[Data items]

········

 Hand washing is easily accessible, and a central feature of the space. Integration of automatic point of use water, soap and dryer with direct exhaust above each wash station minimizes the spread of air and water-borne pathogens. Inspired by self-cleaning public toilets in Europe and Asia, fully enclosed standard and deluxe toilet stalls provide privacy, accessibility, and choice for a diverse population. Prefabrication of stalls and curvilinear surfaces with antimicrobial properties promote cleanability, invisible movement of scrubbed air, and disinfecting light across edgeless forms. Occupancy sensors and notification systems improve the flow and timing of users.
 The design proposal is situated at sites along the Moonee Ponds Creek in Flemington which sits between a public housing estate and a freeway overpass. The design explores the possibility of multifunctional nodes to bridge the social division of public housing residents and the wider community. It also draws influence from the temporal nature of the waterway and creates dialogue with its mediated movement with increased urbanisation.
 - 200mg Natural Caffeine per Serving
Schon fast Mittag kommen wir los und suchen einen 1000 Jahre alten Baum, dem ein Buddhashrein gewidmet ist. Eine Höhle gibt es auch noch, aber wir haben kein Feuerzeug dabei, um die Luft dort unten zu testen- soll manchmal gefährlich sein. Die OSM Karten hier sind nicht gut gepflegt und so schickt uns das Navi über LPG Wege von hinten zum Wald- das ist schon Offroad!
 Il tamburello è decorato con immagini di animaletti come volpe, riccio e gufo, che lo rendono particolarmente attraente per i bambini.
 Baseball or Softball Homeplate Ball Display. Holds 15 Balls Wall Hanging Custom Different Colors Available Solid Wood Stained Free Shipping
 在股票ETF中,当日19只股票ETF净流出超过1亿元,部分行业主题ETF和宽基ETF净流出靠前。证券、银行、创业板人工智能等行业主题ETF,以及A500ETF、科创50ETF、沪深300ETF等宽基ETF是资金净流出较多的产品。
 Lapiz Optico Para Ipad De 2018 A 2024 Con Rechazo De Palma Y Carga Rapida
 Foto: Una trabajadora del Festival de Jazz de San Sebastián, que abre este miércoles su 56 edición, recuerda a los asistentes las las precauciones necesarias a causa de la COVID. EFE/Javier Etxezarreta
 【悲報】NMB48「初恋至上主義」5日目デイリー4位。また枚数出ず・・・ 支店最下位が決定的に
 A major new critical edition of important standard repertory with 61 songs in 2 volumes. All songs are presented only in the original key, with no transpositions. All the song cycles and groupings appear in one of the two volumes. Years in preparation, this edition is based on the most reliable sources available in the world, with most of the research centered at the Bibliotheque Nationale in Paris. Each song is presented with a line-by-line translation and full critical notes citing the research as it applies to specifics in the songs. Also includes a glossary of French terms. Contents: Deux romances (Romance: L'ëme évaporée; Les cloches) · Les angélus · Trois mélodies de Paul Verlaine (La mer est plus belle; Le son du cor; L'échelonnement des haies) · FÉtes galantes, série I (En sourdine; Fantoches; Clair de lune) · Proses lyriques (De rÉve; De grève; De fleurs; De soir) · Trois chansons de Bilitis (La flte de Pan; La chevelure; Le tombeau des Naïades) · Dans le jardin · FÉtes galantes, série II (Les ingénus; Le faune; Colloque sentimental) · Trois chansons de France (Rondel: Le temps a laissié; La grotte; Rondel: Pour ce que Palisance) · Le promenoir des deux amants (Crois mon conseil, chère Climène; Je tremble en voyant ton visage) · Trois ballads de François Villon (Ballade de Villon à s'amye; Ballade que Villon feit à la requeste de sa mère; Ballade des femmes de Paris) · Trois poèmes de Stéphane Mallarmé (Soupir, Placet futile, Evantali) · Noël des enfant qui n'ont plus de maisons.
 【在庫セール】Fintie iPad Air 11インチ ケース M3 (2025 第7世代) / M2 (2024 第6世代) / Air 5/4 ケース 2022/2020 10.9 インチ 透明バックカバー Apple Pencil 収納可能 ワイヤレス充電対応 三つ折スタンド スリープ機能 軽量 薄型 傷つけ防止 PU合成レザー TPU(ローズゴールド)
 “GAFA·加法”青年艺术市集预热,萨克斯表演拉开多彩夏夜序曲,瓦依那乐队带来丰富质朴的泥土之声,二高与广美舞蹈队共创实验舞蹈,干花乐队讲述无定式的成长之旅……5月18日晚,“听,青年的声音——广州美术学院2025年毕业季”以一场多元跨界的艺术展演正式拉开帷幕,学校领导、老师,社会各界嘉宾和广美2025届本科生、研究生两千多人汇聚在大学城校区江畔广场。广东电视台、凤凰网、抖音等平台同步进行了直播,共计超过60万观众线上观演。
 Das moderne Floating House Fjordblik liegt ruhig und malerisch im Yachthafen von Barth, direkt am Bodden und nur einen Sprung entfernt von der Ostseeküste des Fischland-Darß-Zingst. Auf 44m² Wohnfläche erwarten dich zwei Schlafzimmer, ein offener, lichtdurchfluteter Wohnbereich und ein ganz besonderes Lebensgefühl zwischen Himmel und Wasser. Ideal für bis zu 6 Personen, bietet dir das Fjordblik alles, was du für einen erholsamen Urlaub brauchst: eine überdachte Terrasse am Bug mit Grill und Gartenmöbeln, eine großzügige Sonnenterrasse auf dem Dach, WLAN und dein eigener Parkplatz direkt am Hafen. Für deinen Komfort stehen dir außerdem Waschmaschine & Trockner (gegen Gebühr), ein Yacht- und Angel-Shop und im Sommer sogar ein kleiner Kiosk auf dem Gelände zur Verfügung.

········

* _Task_:
Reproduce exactly the lines above from the line with "在股票ETF中,当日19只股" to the line with "Foto: Una trabajadora", including both, and add nothing.

* _Response box_:
 在股票ETF中,当日19只股票ETF净流出超过1亿元,部分行业主题ETF和宽基ETF净流出靠前。证券、银行、创业板人工智能等行业主题ETF,以及A500ETF、科创50ETF、沪深300ETF等宽基ETF是资金净流出较多的产品。
 Lapiz Optico Para Ipad De 2018 A 2024 Con Rechazo De Palma Y Carga Rapida
 Foto: Una trabajadora del Festival de Jazz de San Sebastián, que abre este miércoles su 56 edición, recuerda a los asistentes las las precauciones necesarias a causa de la COVID. EFE/Javier Etxezarreta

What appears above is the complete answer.